On Tue, Nov 3, 2009 at 12:02 PM, Philippos Apolinarius
<[email protected]> wrote:
> 1 --- The program must be implemented using arrays.
> Update must be done in place, in order to minimize use of the garbage 
> collector.
>  I have used Data.Array.IO, but I guess that  Data.Array.ST is better. Is it 
> easy to
> rewrite the program in order to use DataArray.ST?

It should be pretty easy as long as the rest is pure; ST is a subset
of I/O that deals with algorithms that have mutable variables/arrays
but no observable side-effects.  ST safely guarantees that no
side-effects escape to somewhere they can be observed through a clever
type-system trick.

> 2 --  I liked very much the forM_ monad. I wonder if there is an accumulating 
> monad that play the role of a program like leftSide.

forM_ is just a function; it works for all monads.  Probably just a
terminology error?

> 3 -- Clean program almost double its speed, if one uses strictness 
> annotations. Is it possible to use similar anotations for Haskell?

Yes.  The common ways to do this are to use ! annotations in data
structures, like so:

] data Foo s = Foo !Int !Int !(STArray s (Int,Int) Double)

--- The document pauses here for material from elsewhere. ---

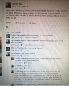 Someone did their research on this Cyril Pelkey fellow, who, during a conversation on Face book made cryptic references to his military experience;
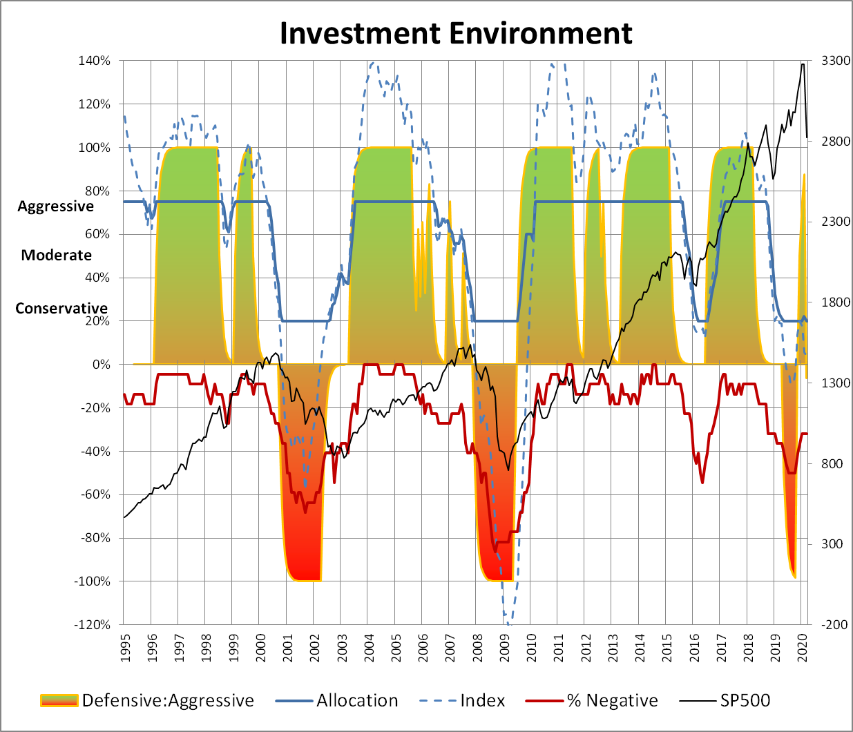 Chart #1 is my Investment Model which is intended to maximize return by adjusting allocations (dark blue line) based on the business cycle. I roughly follow Benjamin Graham’s guidelines of never having less than 25% invested in stocks and never more than 75%. The dashed blue line is the index underlying the Allocation Index before a 20% and 75% cap is applied. It shows improvement in the Investment Environment since September 2019 until the fear of the Coronavirus shook investors. The Allocation Index (blue) is now at 20% stocks recommending conservatism. The red line is the percent of indicators that are negative showing there is some improvement.

You also can use seq and/or $! to guide the evaluation order of your
expressions:

   x <- readArray a (1,1)
   writeArray a (1,1) $! (x+1)   -- forces x+1 to evaluate instead of
writing a thunk.

If you really care about speed, you probably want to look into
STUArrays; these store unboxed values and should be about as fast as a
C array.

Now to the stylistic comments:

You can use guards better to not repeat yourself so often:

> prtSol i n1 arr | i < 1= return ()
> prtSol i n1 arr= do
>     b <- readArray arr (i, n1)
>     putStr ((show b)++" ")
>     prtSol (i-1) n1 arr

becomes

] prtSol i n1 arr
]    | i < 1     = return ()
]    | otherwise = do
]       b <- readArray arr (i, n1)
]       putStr ((show b)++" ")
]       prtSol (i-1) n1 arr

Similarily:

> fillArray xs s (i, n) (j, m) arr |  i > n= return ()
> fillArray xs s (i,n) (j, m) arr | i==n && j>m= do

this branch doesn't need "do" because writeArray returns ()

>   writeArray arr (i, j) s
>   return ()
> fillArray xs s (i, n) (j, m) arr | j > m  = do
>    writeArray arr (i, j) s
>    fillArray xs 0.0 (i+1, n) (1, m) arr
> fillArray (val:xs) s (i, n) (j, m) arr= do
>    writeArray arr (i, j) val
>    fillArray xs (s+val) (i, n) (j+1, m) arr

] fillArray xs s (i, n) (j, m) arr
]    | i > n= return ()
]    | i==n && j>m = writeArray arr (i, j) s
]    | j > m  = do
]       writeArray arr (i, j) s
]       fillArray xs 0.0 (i+1, n) (1, m) arr
]    | otherwise = do
]       writeArray arr (i, j) val
]       fillArray xs (s+val) (i, n) (j+1, m) arr

I'll let someone else show you how to build this into a fold.